A grants panel spokesman told me that the playful passages in my new works caused heated arguments. However, he also told me that strong reactions were desirable, and the panelists had encouraged me to compose more works in this spirit.
When one of my former professors heard a new work of mine that included lighthearted sections, he told me he hated me for writing it. When I laughed, he told me he was serious. I said, “I know. That’s what makes it so funny.”
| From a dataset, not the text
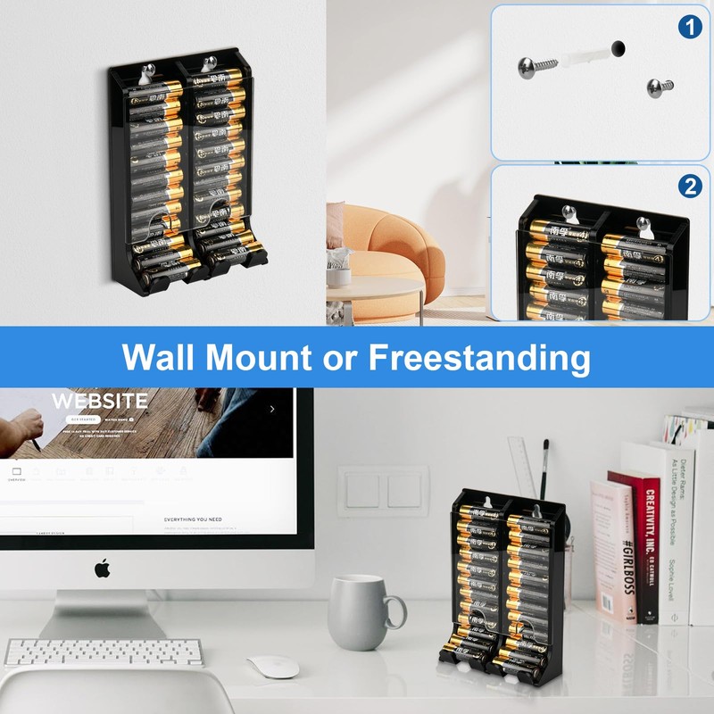 【Keep Your Batteries Organized】This practical design provides an easy-to-use first-in-first-out battery storage solution, keeping them neatly organized and within reach, holding up to 22 AA batteries easily and conveniently

He, like many strait-laced composers at that time, felt that art music should remain steadfastly “serious” in tone (appropriately solemn and earnest). Many composers who felt this way tended to avoid musical qualities such as lyrical melodies, consonant harmonies, and danceable rhythms that might immediately “please” an audience, or that might in any way seem to relate to music that was “joyous,” “popular,” or “theatrical.”
Contrast as a Dramatic Tool
For me this attitude is pointlessly restrictive. I want the freedom to express a broad range of human emotions. From my perspective, a viewpoint that rules out the expression of joy, humor, and exuberance is useless.
Expressive contrast is a vital dramatic tool. One of the traits I most admire about Shakespeare is his powerful use of contrasts between comic and tragic elements to heighten the expressive impact of both.
My approach to composing is pragmatic. Depending on the expressive needs of the work at hand, I set out to evoke joy as effectively as sorrow, delight as convincingly as rage, and malice as persuasively as innocence.